GW has spent the last several months reviewing applications from those companies as its 10-year contract with Sodexo expires, students involved in the preliminary review process said. The other vendors already work at other universities, both in D.C. and outside of the area.
Sodexo – which is the food service provider for dozens of universities, according to its website – also submitted a proposal, the students said. They declined to say which other food provider companies have applied because GW has not completed the selection process.
If GW picks a company other than Sodexo to provide food in dining venues like J Street and Pelham Commons, it would be the first time a different company ran those venues in the last 10 years, since Sodexo replaced Aramark as the University’s dining provider. A separate process is taking place to select vendors for District House, which is set to open in the fall.
The last major changes to on-campus dining occurred when J Street was revamped in 2011 and 2012 when fast food restaurants were swapped in 2011 and 2012 out for healthier, Sodexo-owned vendors. Those changes led to a 20 percent drop in sales a year later after GW stopped mandating that sophomores eat in on-campus venues.
A student involved in the review process said the University hoped to have had a company selected by mid-January, though officials have repeatedly declined to comment on the status of Sodexo’s contract, which was worth $112 million in projected sales.
Students have criticized GW’s on-campus dining options over the years for being too expensive and having inconvenient hours.
In a 2013 poll, students gave food quality at J Street just a 4.2 out of 10. The number of meals eaten at J Street dropped by 83 percent between freshman and senior year, according to the poll, because students are no longer required to spend dining dollars there as upperclassmen.
Residence Hall Association President Mike Massaroli said he was part of a panel of students, faculty and administrators which reviewed the dining proposals submitted to the University. Campus Support Services, which runs on-campus dining services, assembled the group this fall.
Massaroli said he was “grateful” administrators sought student input in the process of signing a new dining contract.

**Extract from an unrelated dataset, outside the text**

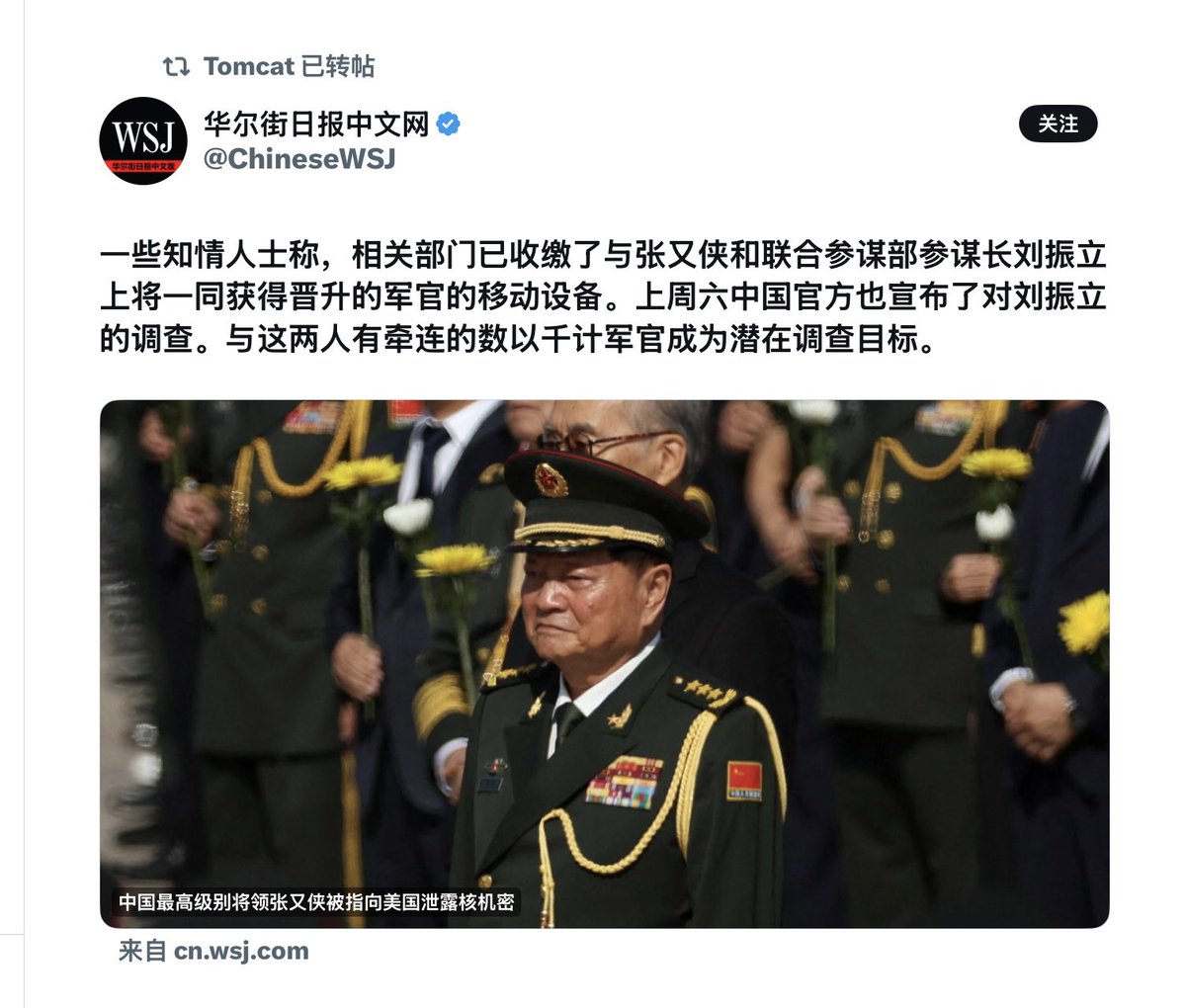 华尔街日报:相关部门已收缴了与张又侠和联合参谋部参谋长刘振立上将一同获得晋升的军官的移动设备。

“We have the biggest vested interest in these venues being a part of this community and being successful,” Massaroli said. “A lot of times in the past decisions may have been made without consulting students. I was able to be involved in this process to the level of most of the administrators that were on the panel.”

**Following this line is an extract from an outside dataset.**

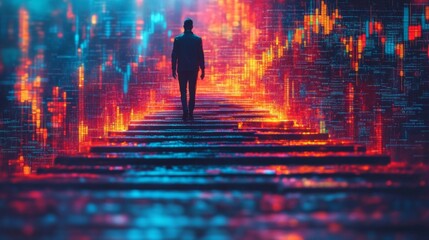 A solitary man strides along a glowing pathway, immersed in a digital landscape filled with vivid data patterns and colorful lights.

Massaroli said the panel sought out companies that were “receptive” to expanding operating hours. J Street is closed on the weekends and after 3 p.m. on Fridays, though the venue stayed open during the snowstorm last month.
A chance to switch it up
Last spring, the University sent out a survey to a randomly selected group of undergraduates asking them to rate their on-campus dining experience. The survey included questions about how much money students spend at dining venues on and off campus and what they thought of an “all-you-care-to-eat” meal plan.
At the time, officials declined to say whether they issued the survey to help them decide what to look for in a new provider. The results of that survey have not been released.
Freshmen are currently required to spend $700 per semester at on-campus dining facilities and must pay per pound or per meal, which differs from other college dining halls which offer a certain number of meal swipes per day, week or year.
Students have in the past said that setup makes meals more expensive for students – a topic that was critical in Student Association elections last year.
Former Student Association Executive Vice President Casey Syron campaigned last year on implementing a swipe system in dining halls, so students would be charged one fee instead of paying by weight. He said he and SA President Andie Dowd also sat on the panel to review the proposals.
Peer schools like Georgetown University offer students a swipe program, as well as an all-you-can-eat option. Northwestern University, which also contracts with Sodexo, offers students multiple meal plans.
Syron said he advocated for the next dining partner to create what he called a “meal deal option” where students would be able to pay about $8 for a meal and drink combination. He said officials have been receptive to ideas to make campus dining more affordable.
“Too many students don’t recognize their classmates next to them are going to bed hungry or dropping out because they can’t afford the student experience,” Syron said. “At the end of the day, people don’t realize how much the student experience is. I think it’s amazing that the administration is recognizing not every student can afford to eat three meals a day at the Whole Foods hot bar.”
To get a feel for the other companies that submitted proposals, Syron said the group visited other venues. Though the panel could only provide recommendations and will not make the final decision, he said there was “consensus” about the proposal that would be best. Syron declined to name that company.
Syron said increasing restaurant competition in Foggy Bottom and the corporate nature of Sodexo were major factors in students dissatisfaction with the current system.
“We’re a generation that says, ‘I want what I want, when I want it.’ Unfortunately when you have dining on a campus level, they manage it on a corporate level,” Syron said. “They can’t always give every student what they want.”